=== DATA EXCERPT ===
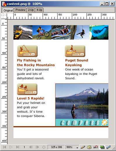 content.png文件是一張大圖片,但是已經(jīng)被切割為很多個(gè)小矩形。如果想要了解更多關(guān)于創(chuàng)建切割的信息,請(qǐng)查看fireworks幫助(fireworkshelp)中的使用熱區(qū)和切割(usinghotspots and slices)。
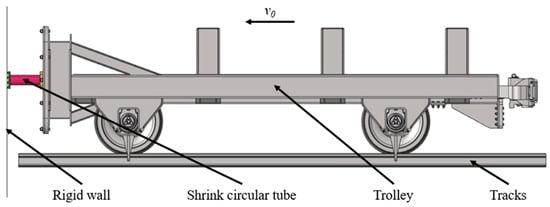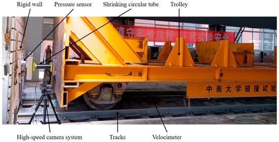 The low-speed crash test is a common method used to verify the energy-absorbing structure of trains, but the crash test of actual running speed is almost impossible. As for the collision speed, the EN15227 standard [41] only puts forward that the energy absorption structure of the train end can meet the requirements of energy absorption at the running speed of 18 and 36 km/h, and the collision at higher speeds will inevitably lead to car body damage and casualties. To verify the crashworthiness of the shrink tube, the trolley test was carried out in the Key Laboratory of Traffic Safety on Track (Central South University). The schematic diagram of the test scene is shown in Figure 4. The anti-climbing device with shrink tube is fixed in the normal installation position of the trolley to impact the rigid wall at a certain speed after adjusting the counterweight according to the requirements of different energy absorptions. The impact speed of the trolley is obtained using the high-pressure air gun system. At the moment when the car touches the rigid wall, the trigger speedometer below the car can record the impact speed to ensure the accuracy of the impact energy. The pressure sensor records the process of force change during impact. A set of high-speed camera systems is arranged on the right side of the shrink tube to record the deformation process and displacement data of the shrink tube. The frequency of high-speed photography is 3000 Hz, and the frequency of pressure sensor is 500,000 Hz.
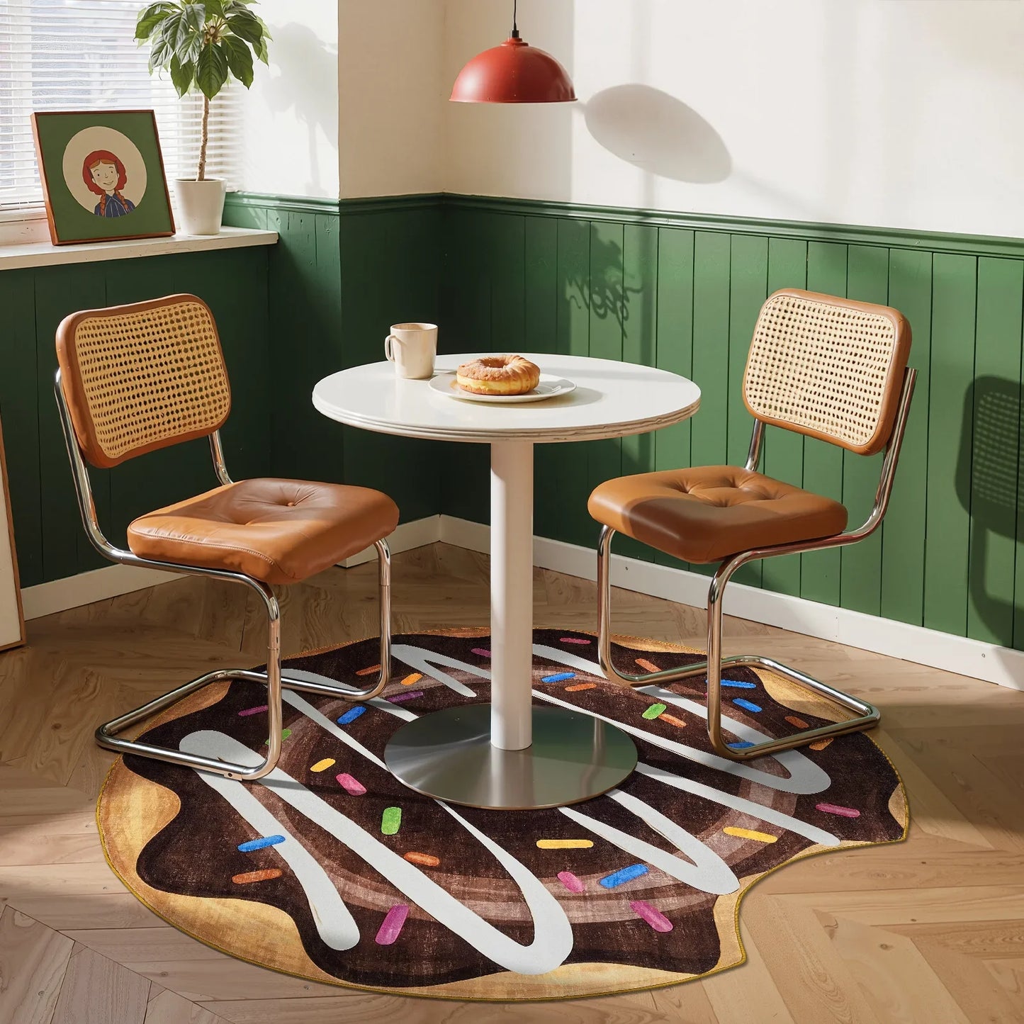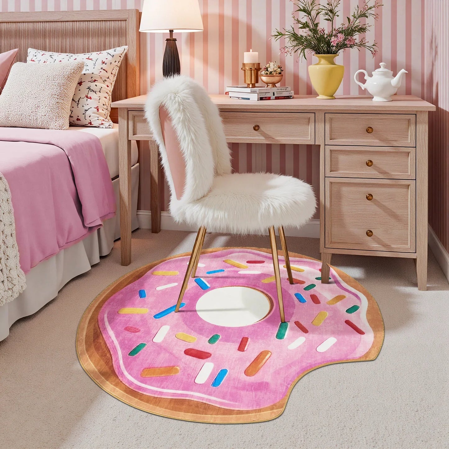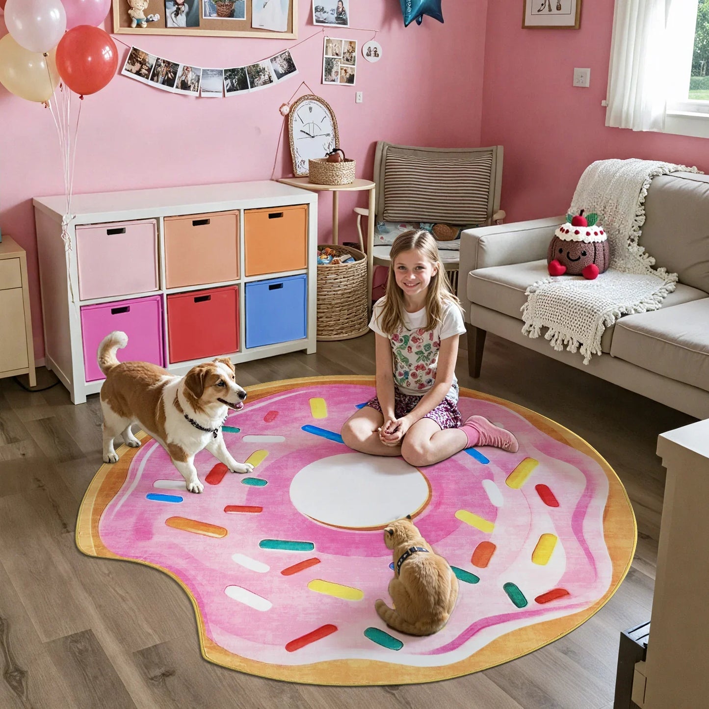 Sweet Strawberry Donut: Inspired by a frosted pink donut straight from a whimsical bakery, this rug features colorful sprinkles and a playful “bite” detail for extra charm. Its soft pastel tones instantly brighten any space, adding a cheerful, fun vibe—perfect for playful rooms or anyone who loves a touch of sweet décor.
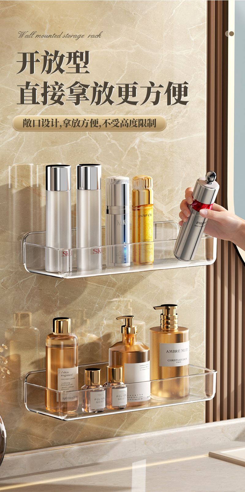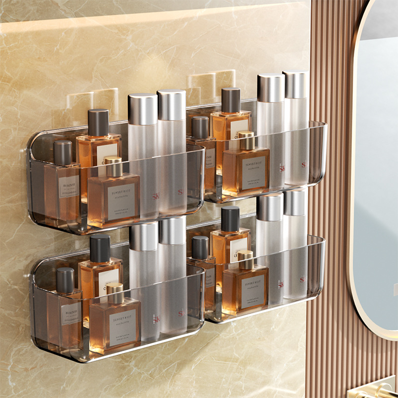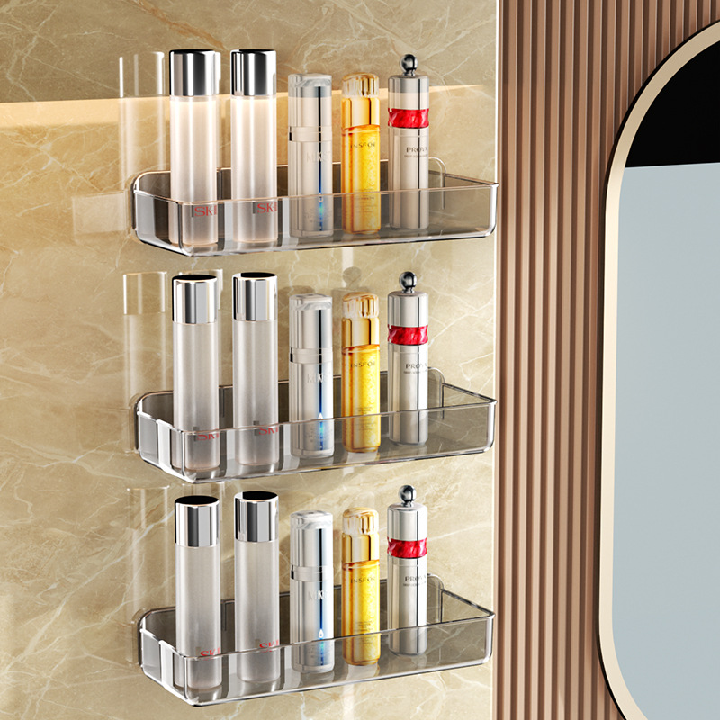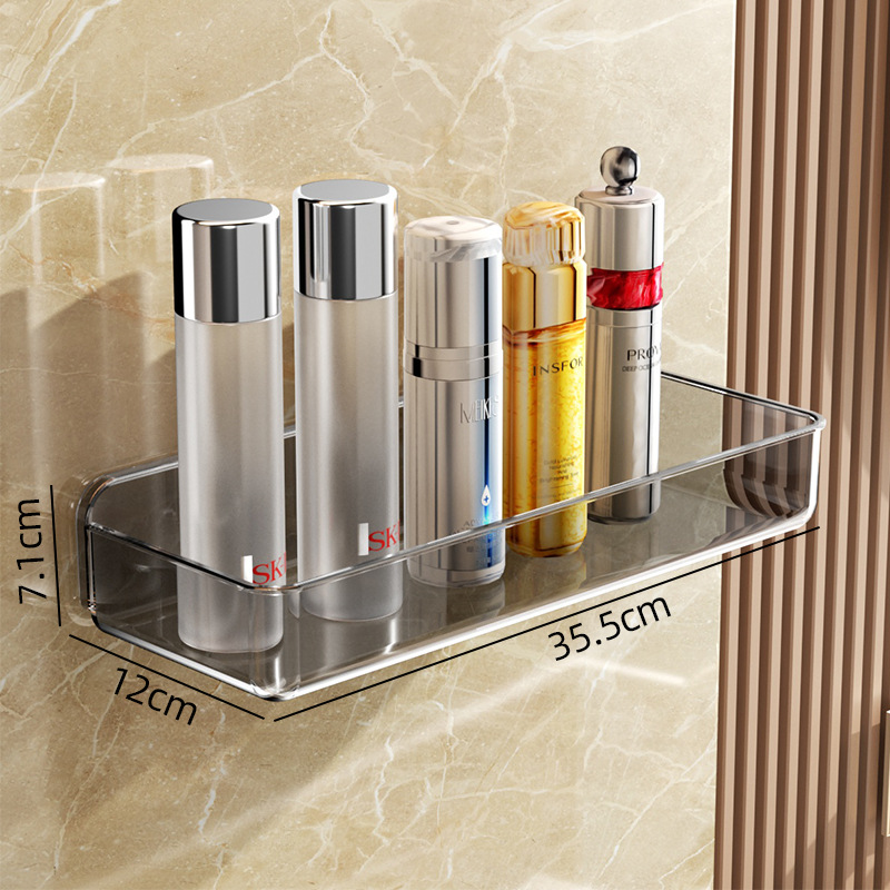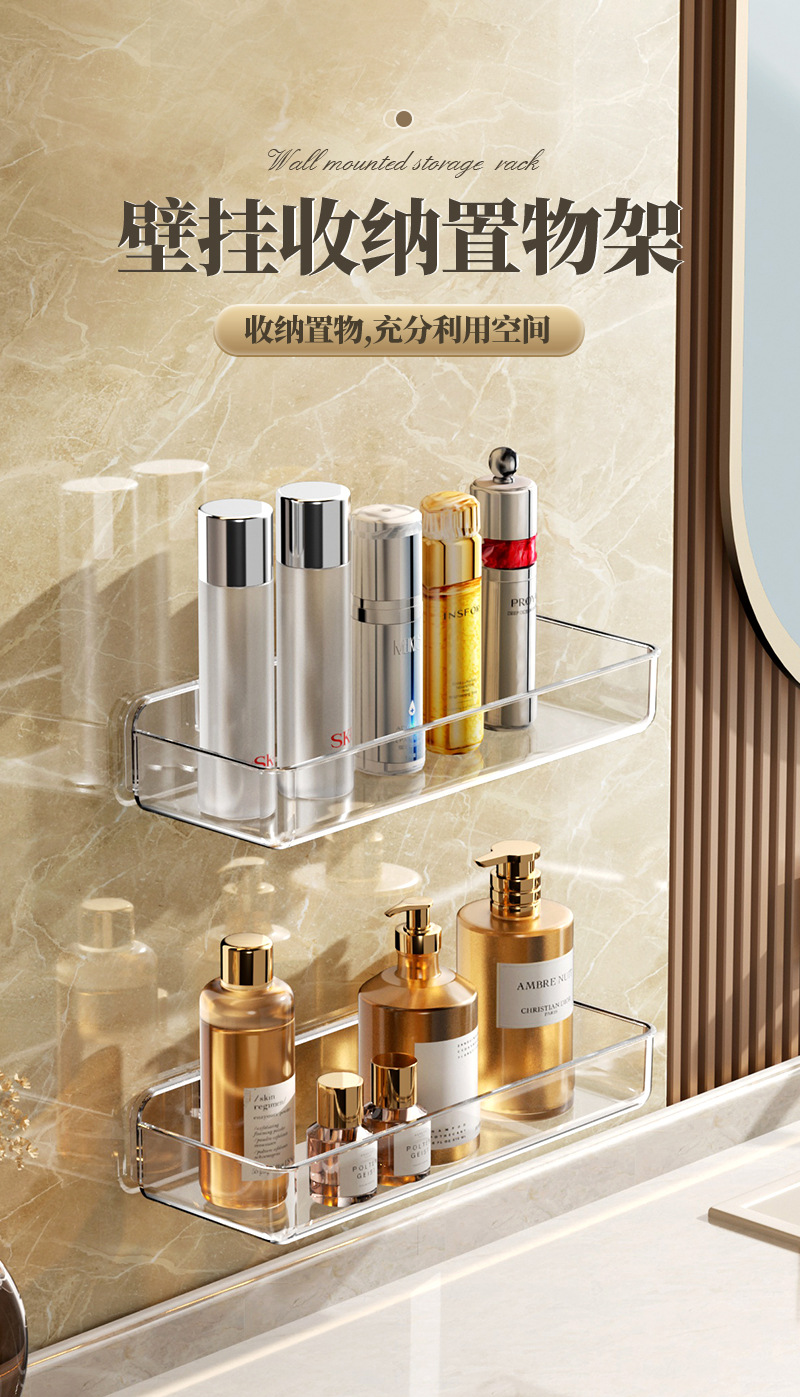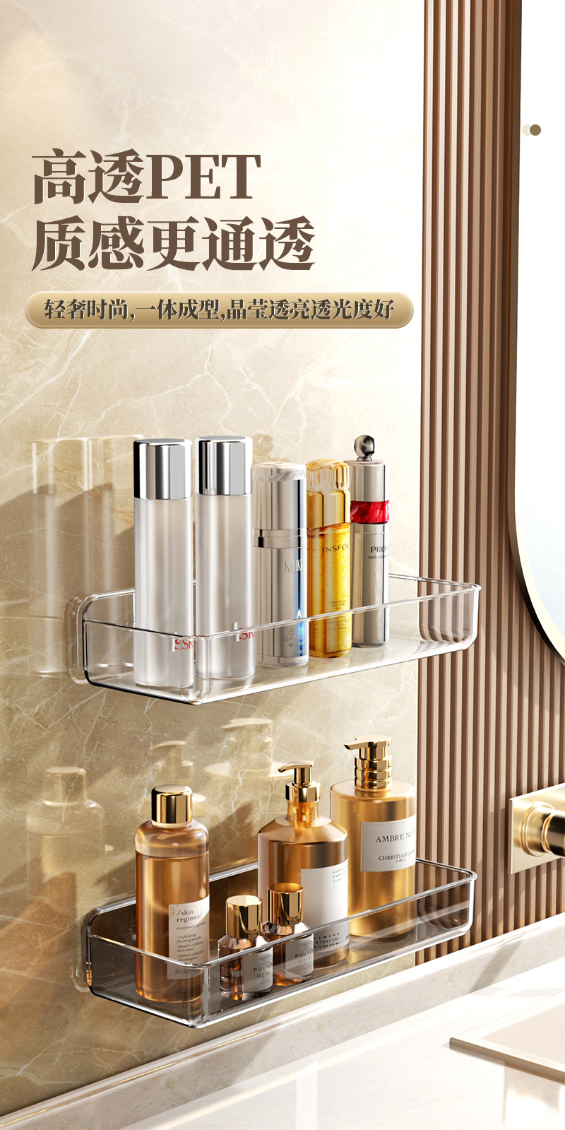 墙壁挂式卫生间置物架 厚实PET塑料上墙化妆品置物架底部过滤水孔

=== WORK ORDER ===
The required answer is an exact copy of the lines from the one containing "The low-speed crash" through the last line of the material, with the pictures removed.

=== EXERCISE OUTPUT ===
 The low-speed crash test is a common method used to verify the energy-absorbing structure of trains, but the crash test of actual running speed is almost impossible. As for the collision speed, the EN15227 standard [41] only puts forward that the energy absorption structure of the train end can meet the requirements of energy absorption at the running speed of 18 and 36 km/h, and the collision at higher speeds will inevitably lead to car body damage and casualties. To verify the crashworthiness of the shrink tube, the trolley test was carried out in the Key Laboratory of Traffic Safety on Track (Central South University). The schematic diagram of the test scene is shown in Figure 4. The anti-climbing device with shrink tube is fixed in the normal installation position of the trolley to impact the rigid wall at a certain speed after adjusting the counterweight according to the requirements of different energy absorptions. The impact speed of the trolley is obtained using the high-pressure air gun system. At the moment when the car touches the rigid wall, the trigger speedometer below the car can record the impact speed to ensure the accuracy of the impact energy. The pressure sensor records the process of force change during impact. A set of high-speed camera systems is arranged on the right side of the shrink tube to record the deformation process and displacement data of the shrink tube. The frequency of high-speed photography is 3000 Hz, and the frequency of pressure sensor is 500,000 Hz.
 Sweet Strawberry Donut: Inspired by a frosted pink donut straight from a whimsical bakery, this rug features colorful sprinkles and a playful “bite” detail for extra charm. Its soft pastel tones instantly brighten any space, adding a cheerful, fun vibe—perfect for playful rooms or anyone who loves a touch of sweet décor.
 墙壁挂式卫生间置物架 厚实PET塑料上墙化妆品置物架底部过滤水孔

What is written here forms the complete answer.